Throughout his 17 year action adventure, Spot was simply everywhere – holding up traffic on the bridge, running down the aisles of the supermarket, ambling down ‘River Road’ with a smile for everyone he’d meet, or locked up in the pound.  One Christmas he was caught red handed running in and out of our cousins’ tent tearing foam off their mattresses.  We tried to insist our grandmother’s cat had caused the damage and Spot was simply trying to put the foam back, but nevertheless, Spot trumped all poor human behaviour that day to take out the annual Christmas ‘tin of jam’ award.

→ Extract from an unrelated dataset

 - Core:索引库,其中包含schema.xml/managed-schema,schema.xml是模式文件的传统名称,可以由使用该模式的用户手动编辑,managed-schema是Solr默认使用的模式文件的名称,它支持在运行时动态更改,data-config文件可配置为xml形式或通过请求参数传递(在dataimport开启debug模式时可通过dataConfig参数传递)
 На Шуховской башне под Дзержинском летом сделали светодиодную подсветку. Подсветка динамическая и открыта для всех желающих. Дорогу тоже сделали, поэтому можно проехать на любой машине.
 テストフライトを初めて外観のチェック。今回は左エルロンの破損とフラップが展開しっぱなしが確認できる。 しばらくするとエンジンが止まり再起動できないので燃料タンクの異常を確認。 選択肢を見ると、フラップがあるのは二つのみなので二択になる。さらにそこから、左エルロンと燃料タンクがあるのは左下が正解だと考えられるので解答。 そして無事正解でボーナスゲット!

Last Wednesday, after seventeen full and fun years, Spot passed away of old age.  Earlier that day he was sighted in Witt Street Yarrawonga – about one kilometre from home ambling slowly along the side of the road on what would be his final sojourn.  And that was Spot – living life right to the end.  He was a little dog who lived a big life and more than that he did something for our family that we’ll remember and cherish forever – he made us smile.


About Sam Duncan

My name is Sam Duncan, a very passionte, slightly one eyed and mostly optimistic Essendon supporter. Originally from Yarrawonga, the home of the mighty Pigeons, I moved to Melbourne to go to Swinburne Universtiy in 2002. Feeling right at home as a uni student, I stayed for a long, long time, completing an undergraduate degree in media and communications, an Honours and Masters degree in the same field, and finally, a PhD in sport, media and cultural studies. I'm the author of 'Rolling with the Punches: Tales of an Aussie Traveller', lecturer in the Bachelor of Sports Media at Holmesglen and boundary rider for AFL Live. I love footy. I love Essendon. Go Bombers!


  1. John Butler says


    As a man who once felt the need to mention the passing of his family dog in a game report, I know how you feel.

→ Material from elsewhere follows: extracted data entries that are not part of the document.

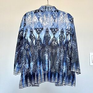 Chico's Linen-Blend Blue Ombre Sequin Paisley Open front Jacket Size 3
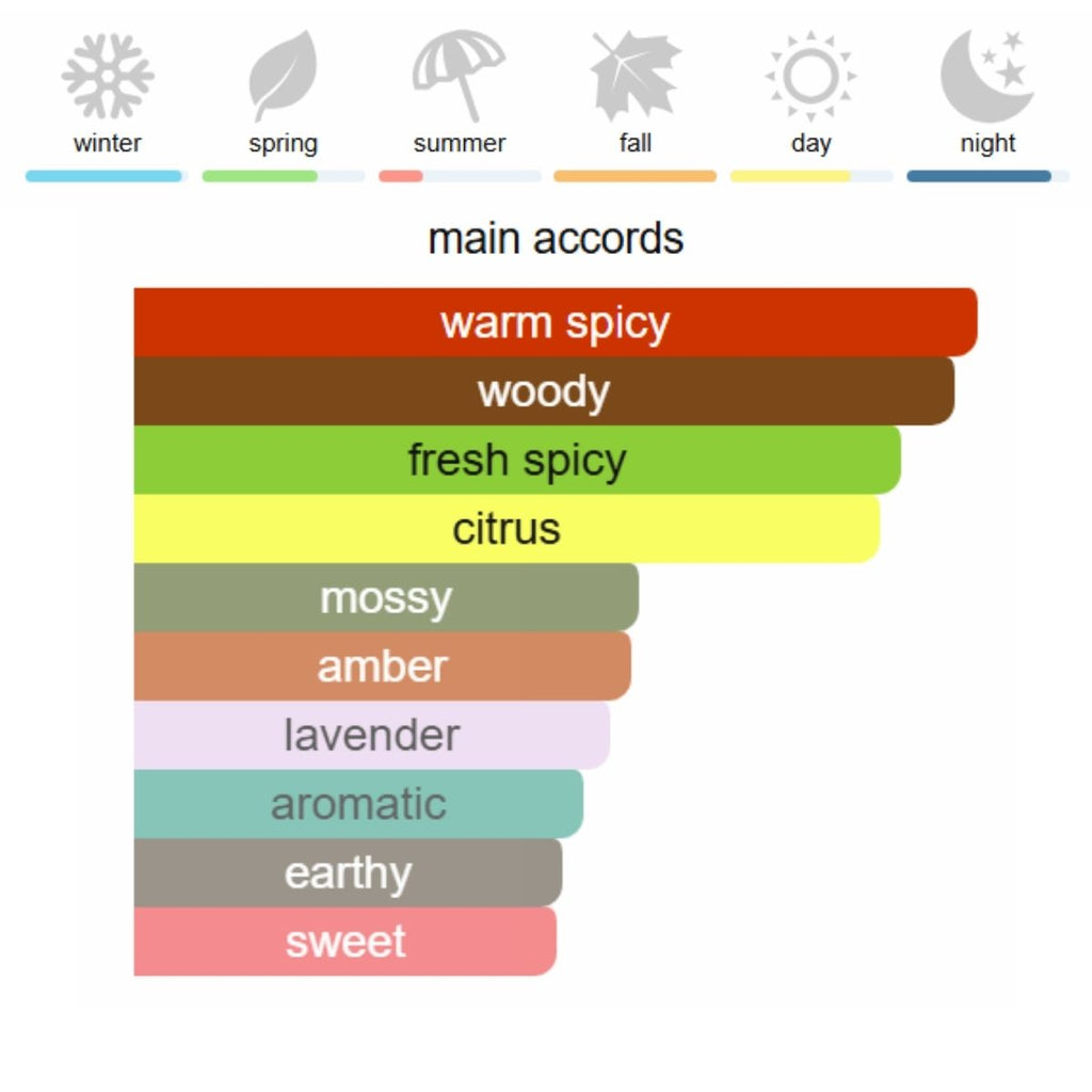 Базови нотки: дървесни акорди, мъх, бяло сандалово дърво, тонка боб и амбра
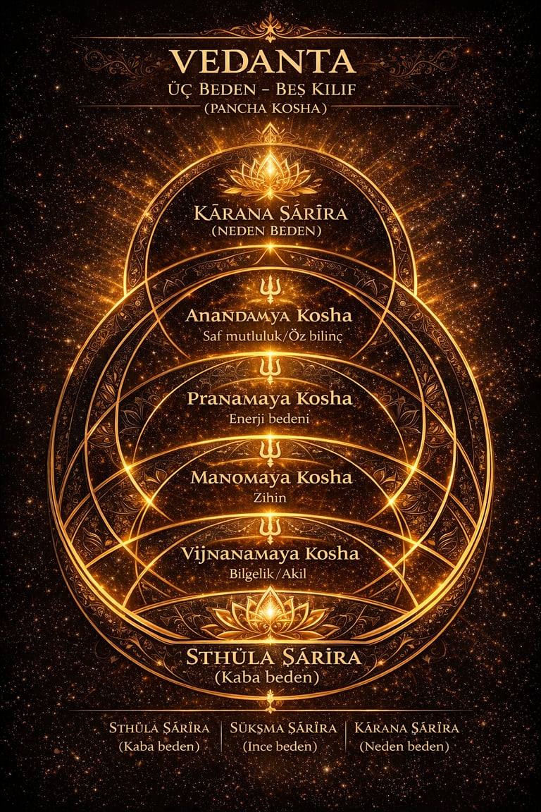 Dipnot 12. Vedanta’da “üç beden + ince bedenin bileşenleri”ni özetleyen doküman örneği: Vedanta-Concepts PDF.

  2. Marvellous report Sam. Yarrawonga seems to be one of those towns where the local dogs get to roam around without consequence. But they all seem to mix in properly.

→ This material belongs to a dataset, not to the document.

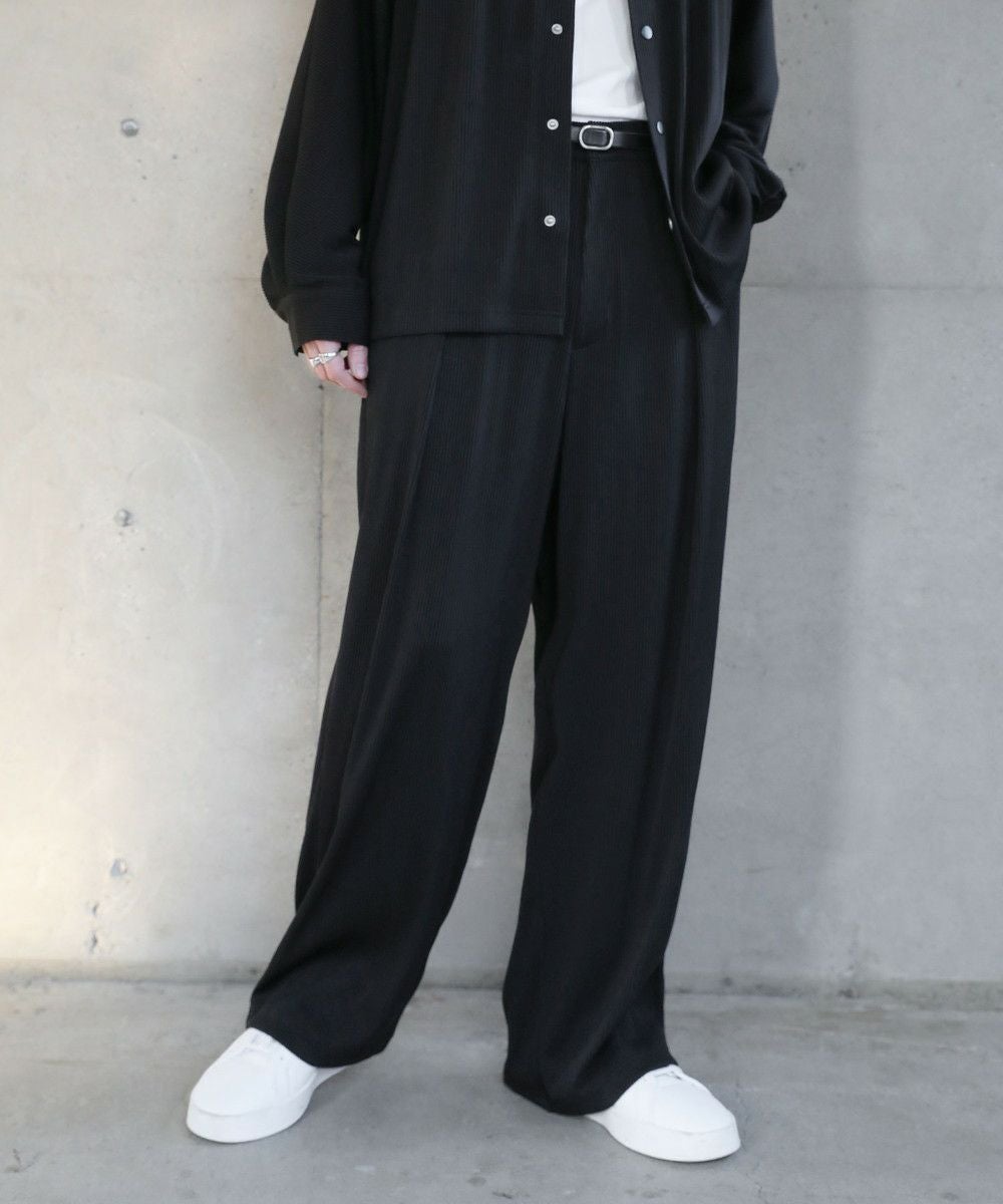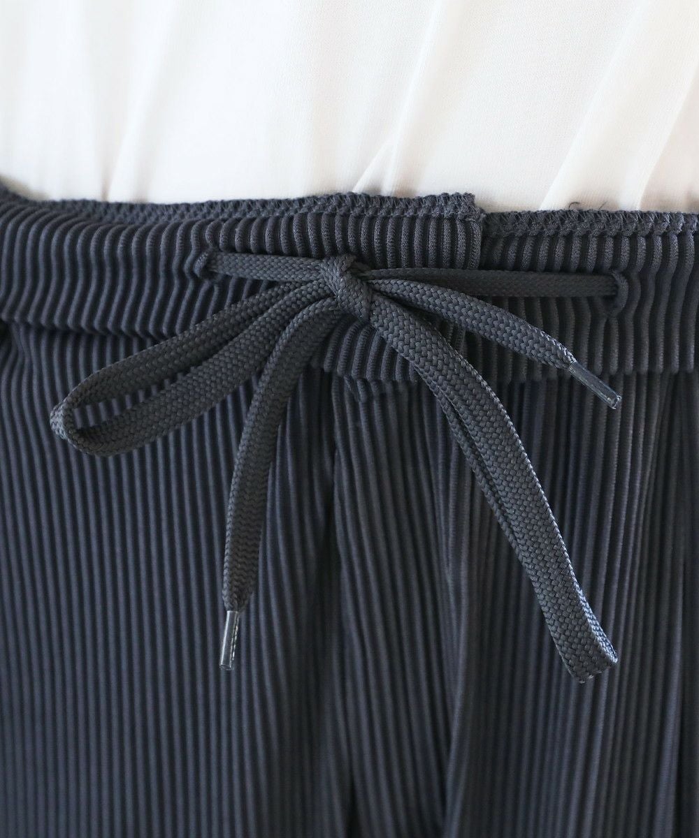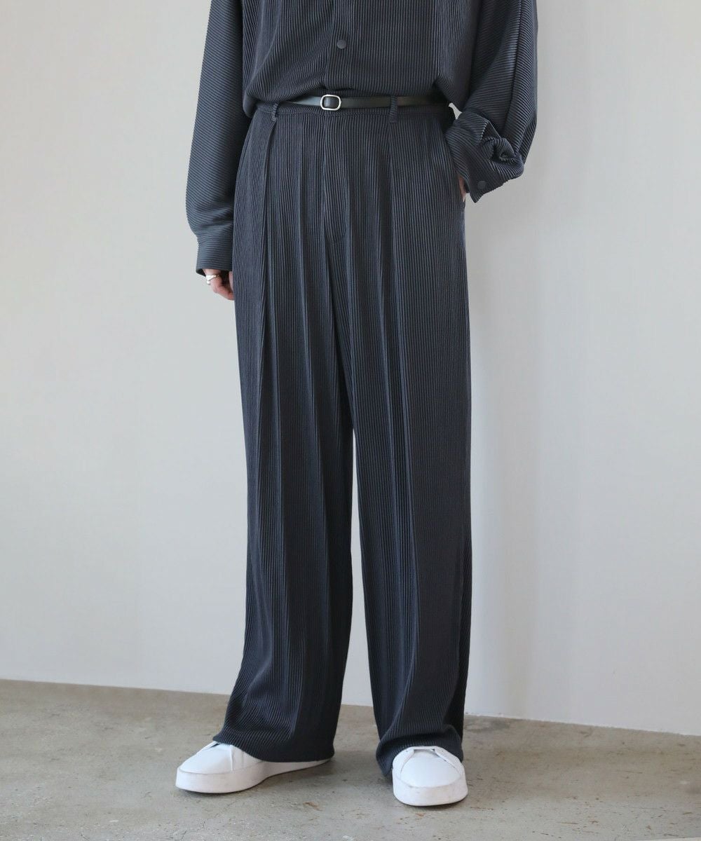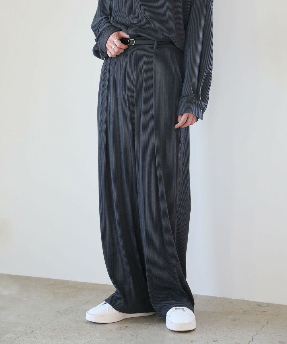 繊細なプリーツ生地が表情豊かなワイドストレートパンツ。ゆったりとしたワイドシルエットと落ち感のある素材がリラックス感を醸す一着です。フロントにはタックを施し立体的な印象をプラス。ベルトループ付きなのでタックインスタイルもサマになります。もちろんベルトレスでも着用できるように、ウエスト内側には調整可能な紐を配しました。脚のラインを拾いにくいワイドストレートシルエットで、どなたでも簡単にキレイめコーデが取り入れられる一本となっています。

  3. Peter Baulderstone says

    Shandy sends his condolences, Sam. The Avenging Eagle and I are at the life stage where our parents are passing on or in very frail health. Shandy the labrador is always good for a smile or a chat or a consoling head in your lap. He is a better reader of body language than any psych. We go for a couple of laps of the local oval together every morning at 6, and he ‘morphs’ from sedate home dog into crazy pup. He refuses to believe he is 7. When he wanders off into the nearby paddock and rolls on his back kicking his legs in the air – I have a compelling urge to join him. Middle aged restraint contains me. Of late he has been on a tighter leash on the way home, as we cannot bear the thought of another family loss. Maybe I will be a bit more lenient after the Eagles have restored our smiles with a few home wins.
    Wonderful piece Sam, and you have let Spot lead a wonderfully free spiritied life.

  4. Hi Sam, lovely piece.

    I have two little ones and one is 9 and the other 12 going on 2. Peettee, the elder, gets up in the morning gingerly but at the park is the cutest, friendliest dog to all, big and little. Dogs and their free spirits lift ours. When I’m flat, they’re always there for a cuddle and though as city dwellers have no freedom to wander, they do add a lot of wonder to our lives.

    Lovely writing and shared memories.


  5. Thanks Sam. I’m sorry for your loss. I really am. The world doesn’t seem to care as much when it’s a dog that dies and not another family member, but it can be really tough.

    Cheers to Spot!

  6. Thanks Edward. You caused me to shed a few tears, through your wonderful story of your dear friend Spot, and the memories it evoked of my old mate, Mo.
    I reckon they ARE family.

  7. Andrew Fithall says

    Thanks Sam.

    I am intrigued by your “tin of jam” award. We have an identical award among a group of friends – it has been going 30 years. It is awarded the morning after the night before for best (worst) performance. Pretty sure a dog has never won it. I reckon there may be some connection somewhere with our award and yours.